The following students are eligible for tuition and fee exemption:
A student who is or was at the time he or she reached 18 years of age in the custody of the Department of Children and Family Services or a relative under s. 39.5085, who was adopted from the Department of Children and Family Services after May 5, 1997, or who, after spending at least 6 months in the custody of the department after reaching 16 years of age, was placed in a guardianship by the court.
Such exemption includes fees associated with enrollment in career‐preparatory instruction and completion of the college‐level communication and computation skills testing program. Such an exemption is available to any student who was in the custody of a relative under s. 39.5085 at the time he or she reached 18 years of age or was adopted from the Department of Children and Family Services after May 5, 1997.
Other Advice From Peers
- Definitely do not take the tuition exemption for granted. Take it very, very seriously and keep your GPA up. Go to tutoring if you need to. Go to the writing center for help. Know where to go, what resources there are around you in order for you to get help.
- Don’t stop, keep going. If you stop, you lose a lot of the hard work you have put into it. The best thing is to keep going.
- It is easier to keep going than it is to stop and then go again. It takes time to try to get back in the groove of things. If you stop, get right back in. Just get it done.
- It is just a waste of time to stop and then try to come back. It is better if you just try to find a way to continue. It is not worth it to stop going to school and years later have to come back. It has been 3 or 4 years now and I am trying to go back to school and it is difficult.
- Don’t fall off your goals. The easy part is the falling down. The hard part is getting up. So some days, you are going in the wrong direction but you have to have your sight on what you want to do.
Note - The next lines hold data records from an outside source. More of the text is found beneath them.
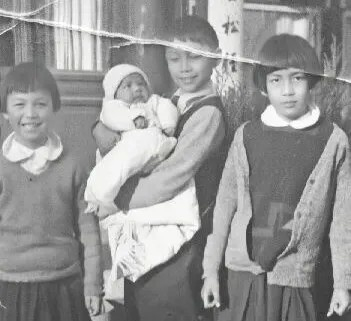 大哥周乃文抱着不满1岁的周懿娴,右一为二姐周懿贞,左一为三姐周懿芬。摄于1934年,朗润园10号。
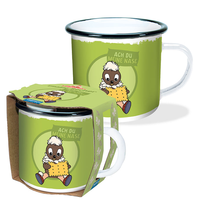 Ob im Kindergarten, beim Campen oder beim Picknick, mit dem Emaille-Becher von "Unserem Sandmännchen" sind Sie der absolute Blickfang. Ausgestattet mit einer dekorativen Geschenkverpackung aus Pappe ist der Becher ein tolles Geschenk für alle Sandmann Fans. Mit einem Fassungsvermögen von rund 30 cl hat die Tasse eine gute Größe für einen schönen Kaffee oder Tee. Das besondere Material und die ausgefallene Tassenform machen den Metallbecher zu etwas ganz besonderem.
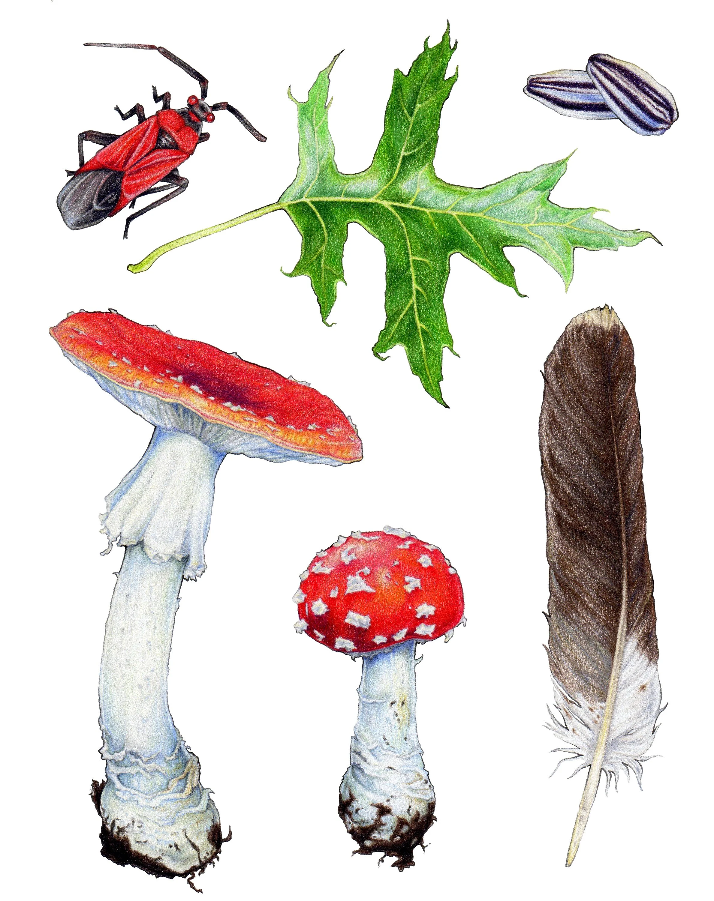Below you will find a selection of “Natural History Plates”— a style of artwork based on the historical practice of printing collections of meticulously studied elements of nature together in one image.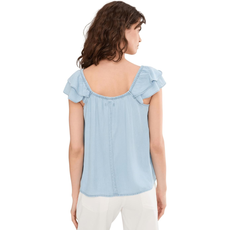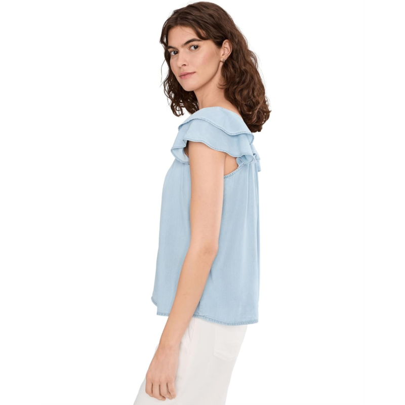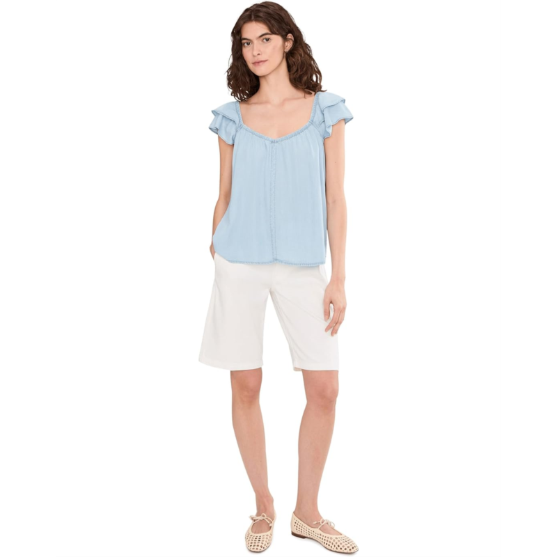 The Ariat Lynn Top is a chic western top with short ruffle sleeves, a scoop neckline, and a straight hem. Made from rayon, it offers a perfect blend of comfort and breathability. This short-sleeve top pairs perfectly with casual trousers or pants.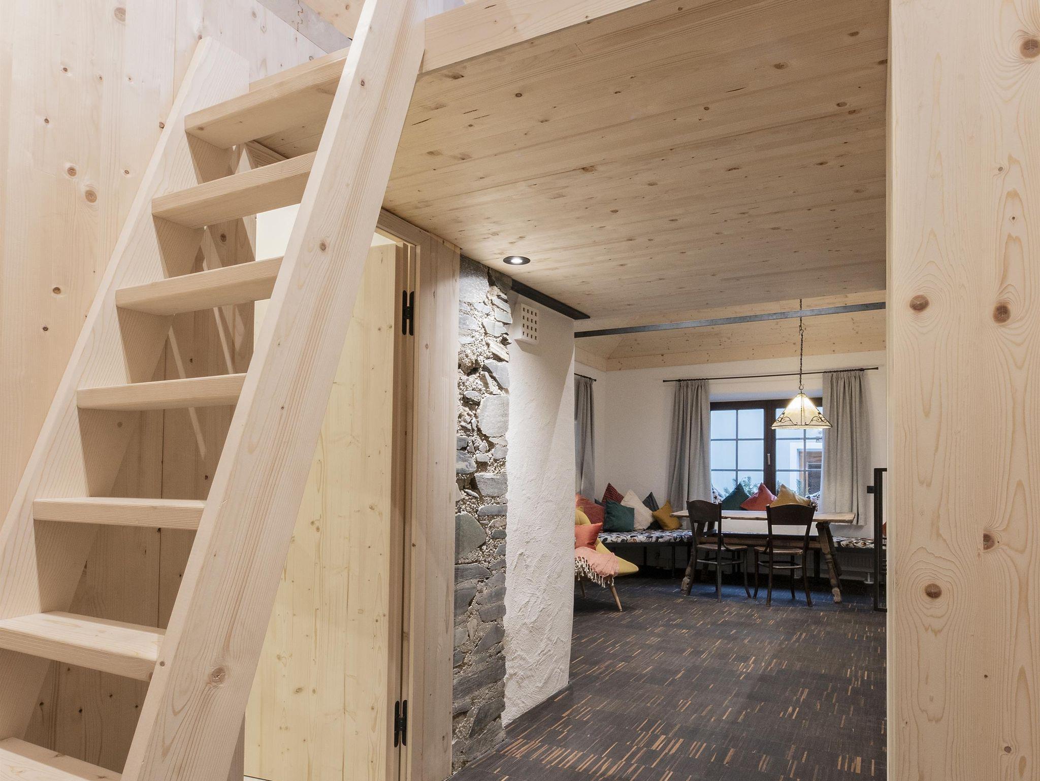 Ausgezeichnet mit 4sEdelweiß, architektonisch einzigartig, komfortabel, für 10 Pers. (7 bzw. 3 Pers. in 2 Appartements) BergsteigerSEIN (SEIN im Dialekt=eine Bleibe haben) SauWOHL (ehem. Schweinestall)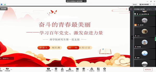 2022年1月17日,williamhill英国威廉希尔商公司研究生第一党支部开展了“奋斗的青春最美丽”系列主题党日活动并交流心得。

What I did was I put up an information wall—everything that I wanted to accomplish was on this wall. My information wall is where I put certain things that I want to accomplish. Every time I accomplish something, I take it off the wall and add some notes to it so you always have this vision of what you are going to school for. If you are going for financial reasons, you can put up pictures of a big house, a nice car. If you are going for other reasons, you can put up those, like some meaning in life, some unique purpose.
- Don’t party so much. Don’t drink so much. If you do, you’ll probably skip class the next day. Wait until the weekend.
- Live somewhere where you won’t be tempted to party. Move if you have to.
- If you feel like you are failing a class early on, then drop it and add another class before the deadline to drop/add.
- If you have to drop a class or drop out for a semester, be sure to officially withdraw by the right dates. If not, you will get all these F’s or your record and then your grade point average drops.